Personal information
- Born: December 18, 1935 Grapevine, Texas, U.S.
- Died: July 17, 2021 (aged 85) Grapevine, Texas, U.S.
- Listed height: 6 ft 2 in (1.88 m)
- Listed weight: 191 lb (87 kg)

Career information
- High school: North Side (Fort Worth, Texas)
- College: TCU
- NFL draft: 1958 (1st round, 13th overall pick)

Career history

Playing
- Cleveland Browns (1958–1963);

Coaching
- TCU (1966) Assistant; San Francisco 49ers (1967–1969) Defensive backs; San Francisco 49ers (1970–1973) Quarterbacks / wide receivers; TCU (1974-1976) Head coach; San Francisco 49ers (1977) Defensive backs; Cleveland Browns (1978–1980) Quarterbacks; Houston Oilers (1981–1982) Offensive coordinator; Dallas Cowboys (1983–1985) Quarterbacks; St. Louis / Phoenix Cardinals (1986–1989) Offensive coordinator; Cleveland Browns (1990) Offensive coordinator / interim head coach; Buffalo Bills (1992–1996) Quarterbacks;

Awards and highlights
- First-team All-SWC (1957);

Career NFL statistics
- Interceptions: 20
- Fumble recoveries: 7
- Punts: 23
- Punting yards: 860
- Longest punt: 48
- Stats at Pro Football Reference

Head coaching record
- Regular season: NCAA: 2–31–0 (.061) NFL: 1–6–0 (.143)
- Coaching profile at Pro Football Reference

= Jim Shofner =

American football player and coach (1935–2021)

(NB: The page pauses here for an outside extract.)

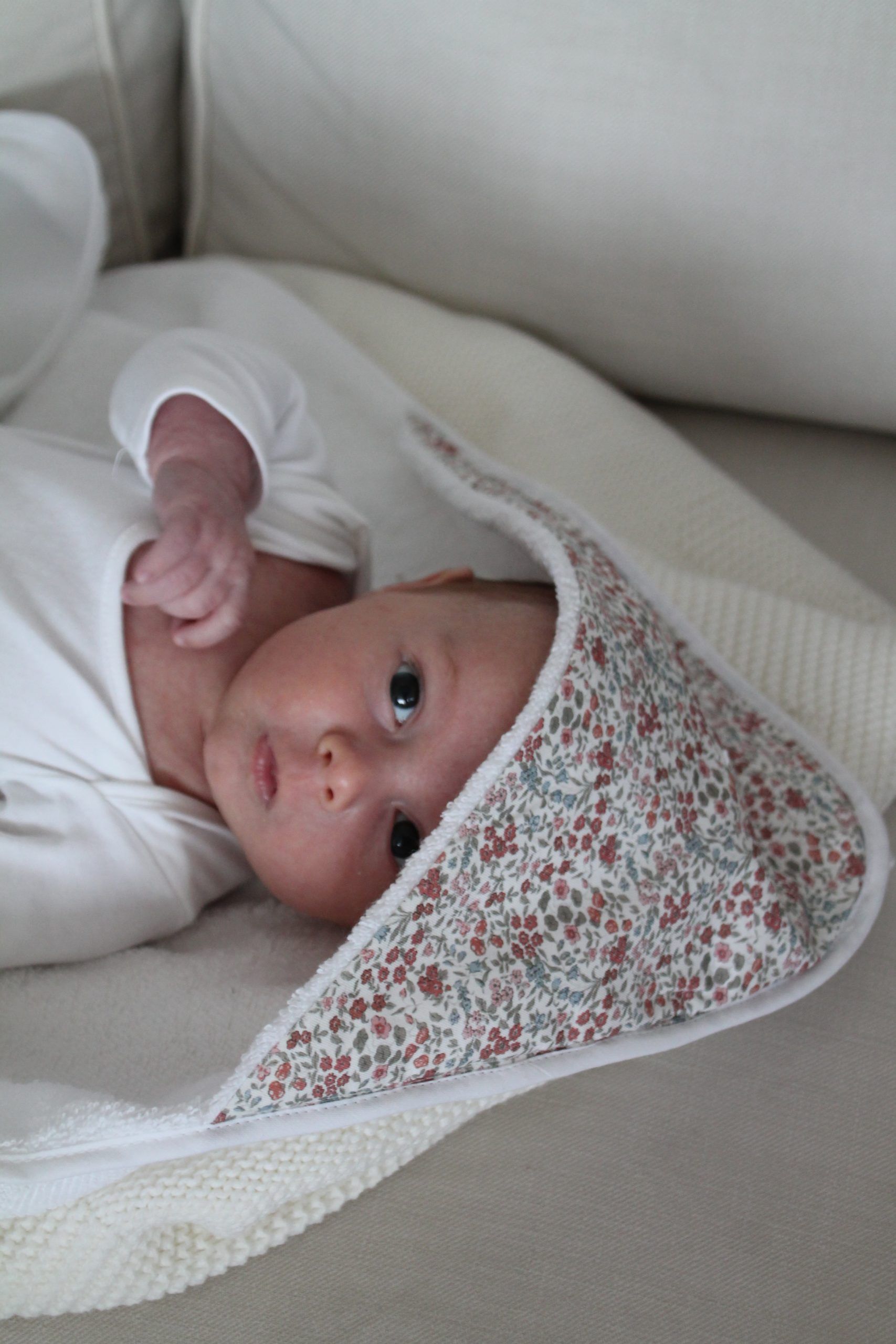 Nuestra toalla capa para recién nacido de algodón tiene un tacto extra suave y es ideal para los primeros meses del bebé.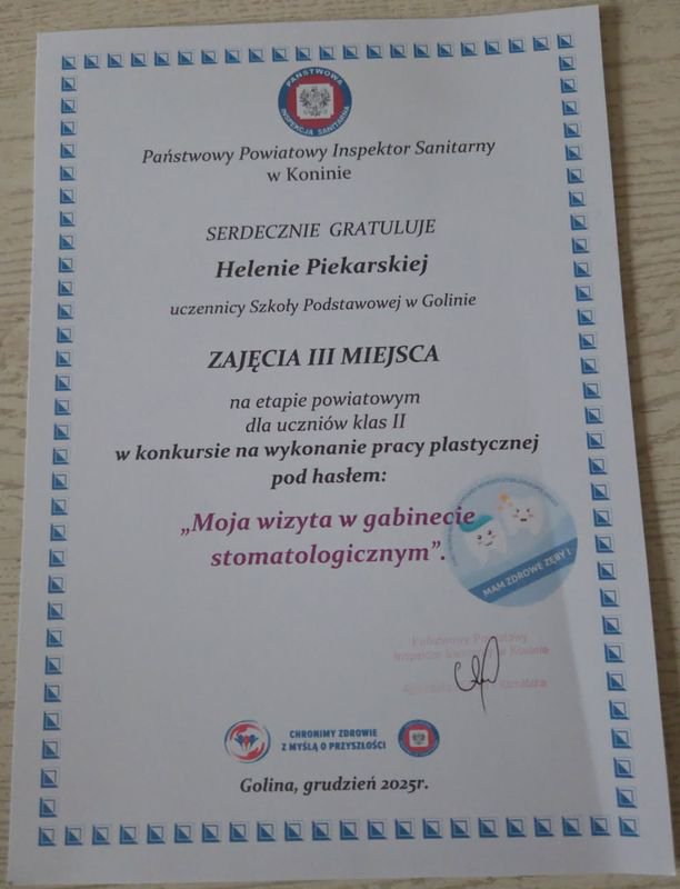 Z radością informujemy, że Helena Piekarska z klasy 2b zajęła III miejsce w powiatowym konkursie plastycznym pt. „Moja wizyta w gabinecie stomatologicznym”.

James Bernard Shofner (December 18, 1935 – July 17, 2021) was an American football player and coach at both the collegiate and professional levels. He was twice a head coach: first at Texas Christian University (TCU) from 1974 to 1976, then in an interim capacity with the Cleveland Browns of the National Football League (NFL) in 1990.

==Early life and playing career==
Shofner was a four-sport star at North Side High School in Fort Worth, Texas, serving as captain of three squads. He played college football on both sides of the ball at Texas Christian, leading the Southwest Conference in rushing in 1957 with 682 yards, while scoring six touchdowns. He was a first round draft selection of the Cleveland Browns the following year, and after seeing little action as a rookie, became a starting cornerback in 1959.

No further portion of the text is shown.